After a Saturday morning team breakfast at Cracker Barrel, Willcoxon and the rest of the Rock Bridge varsity football team boarded the bus to Jefferson City. In the locker room before the game, Willcoxon sat on a bench and listened to music through earbuds on his iPhone. Suddenly, his phone lit up with a text from a friend: “Are you OK?”

“Yeah, why?” he responded, and then immediately thought of Stuart. Assuming the worst — a car accident or a drunk-driving arrest — Willcoxon finally learned his best friend had chosen to end his own life only hours after they parted ways the previous evening.

Brad was in Kansas City when Beth called him with the news of Stuart’s death.

“Everything was a blur from there,” he says. Arriving back in Columbia, Brad and his brother, Dan, drove to the Boone County Medical Examiner’s Office, where Stuart’s body awaited identification.

“Dan kept trying to talk me out of it,” Brad says. “He said, ‘You seem like you don’t know what’s going on’ — like I was out of it, in shock — and I said, ‘Maybe so, but I have to do this.’ ”

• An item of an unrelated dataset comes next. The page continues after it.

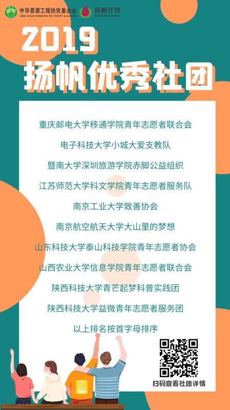 5月21日,中华思源工程扶贫基金会扬帆计划公布入选2019年度优秀社团名单,我校青年志愿者联合会与电子科技大学小城大爱支教队、暨南大学深圳旅游学院赤脚公益组织、南京航空航天大学大山里的梦想等十所高校社团同时入选,在西南地区高校中独树一帜。

He says he doesn’t cry often, but when Brad saw his son’s body laid out on the examining table that day, the tears were impossible to hold back.

Changes

In May 2010 — nearly a year after she and Brad divorced — Beth moved out of the Eiken family’s house on Moss Oak Court in the Oak Ridge subdivision, where she’d lived for four years. Visitors to her new home in the Southampton Villas are greeted at the door by a flurry of paws and sniffs from her two dogs, Stella and Roxanne. A calendar featuring photos of Stuart hangs on the kitchen wall (Brad and Beth have a new one made up every year and distribute them to family). A small, left-leaning plastic Christmas tree sits above her sink year-round. The faux evergreen used to sit in Stuart’s room in the old house. Photos of Stuart are plastered all over the refrigerator, almost outnumbering those of Maribeth. Magnets offer suicide prevention information, crisis hotline numbers and a list of warning signs for depression.

Beyond the kitchen table is a view of the patio decorated with white Christmas lights — they remind Beth of similar lights Stuart once kept in his room. Maribeth, now 16, has inherited Stuart’s old truck, which sits outside the house. A sticker on the rear window reads: I remember Stu.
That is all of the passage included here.